Kering, the luxury goods company with brands including Gucci and YSL, has seen encouraging growth over the last few years and has been successfully moving into on-line retail. Gucci continues to grow ahead of the luxury goods market and has an enviable position in mainland China. While the brand is well known for flamboyant style the global equity team is comfortable with the inherent fashion risk given that over 70% of sales come from core products, repeated year after year.

Since purchase CK Hutchison has proved something of a disappointment. Some of our original investment case is playing out with, for instance, third party analyst net asset value (nav) estimates now including the telco tower assets. However, the gap between the share price and this nav has widened further rather than close. Now trading on a trailing P/E ratio of around five times, the company seems incredibly cheap. Value based investing requires some catalysts to unlock value. While there are several identifiable ones the environment does not seem favourable for the company to realise some of these in the next few years (for example, listing Watson’s the world’s biggest health and beauty retailer).

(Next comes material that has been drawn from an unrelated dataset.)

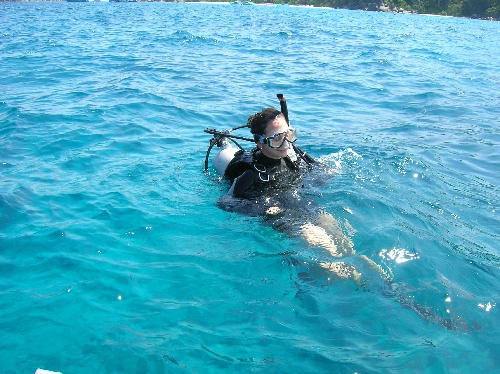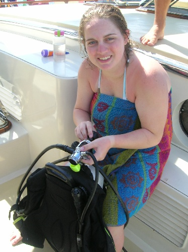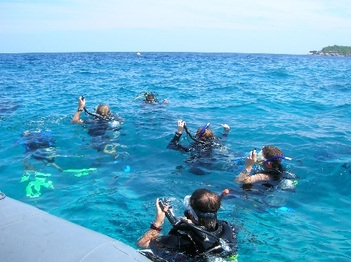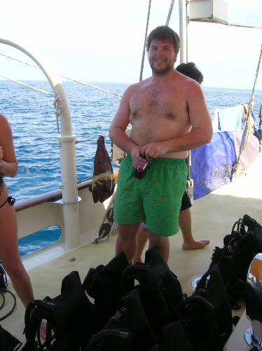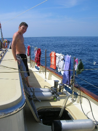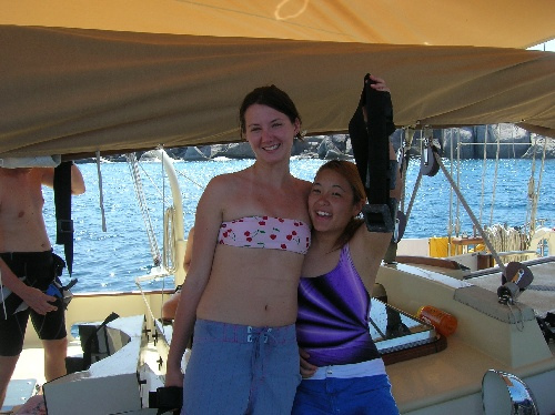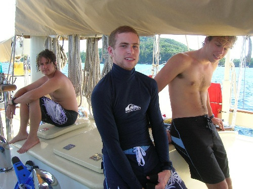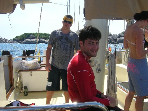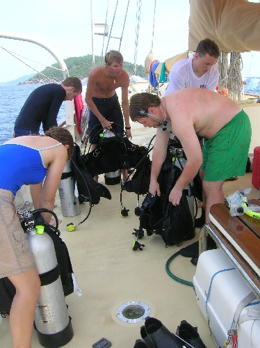 Today a busy and exciting day, was had by all. After breakfast, we did our usual clean-up, and then the non-certified divers set up their gear to take their first breaths underwater. While the group of to-be divers did their preliminary skills, the certified divers did a quick review and then went to the beach. After lunch, the certified divers took their first dive of the trip, and what a dive it was! Surrounded by schools of colorful fish, the divers decided unanimously it was one of the most exciting dives that we’ve seen yet. The engineer of the day, Abbey, was in charge of pumping the scuba tanks so that the to-be certified divers could complete more practice. The cooks returned to the boat to make dinner while others helped to frost a cake for Mike C.’s birthday. The crew enjoyed a dinner of dried pork curry and birthday cake. Currently, the to-be divers are working on their knowledge reviews while the certified divers are preparing a game of charades. A fun day was had by all! Hi Mom and Dad!

During the month Samsung reversed much of the previous month’s underperformance while Unilever also performed strongly. Alphabet, Shell and BP were the worst performers. Alphabet recently hosted a launch event outlining their line-up of new hardware devices; it’s likely it will be a rebound in search revenue, on the back of a COVID-19 driven increase in corporate advertising across the various platforms, including YouTube, Google Search and Cloud, that results in better share price performance. The two oil names, now comprising in total less than 4% of the portfolio, have been under review. Both holdings plan to transform into energy companies in the longer term, but their intrinsic value is likely to continue to be determined by the oil price in the medium term. OPEC supply constraints imply that elevated inventory levels continue to fall and recovering demand ought to mean a return to a higher oil price. In the medium term the huge reduction in drilling and exploration activities will mean a more sustained supply constraints and drive higher prices. 

There is no disputing that, relative to history, equity market multiples are high. Though there is still some way to go to reverse the COVID-19 lockdown induced economic damage we continue to forecast economic improvement from the currently depressed levels. While monetary policy remains so lax, even in the face of inflationary pressures as economies unlock, it is difficult to see how other asset classes can deliver real returns. Corporates tend to be relatively well shielded from inflationary pressures given their abilities to pass on price rises. Catalysts for economic recovery may come from vaccine announcements or from fiscal stimulus. We continue to seek reasonably priced quality companies by which we mean those with sustainable barriers to entry, generating economic profit, with strong balance sheets, good shareholder treatment and barriers to entry. These ingredients ought to continue to provide good risk adjusted returns.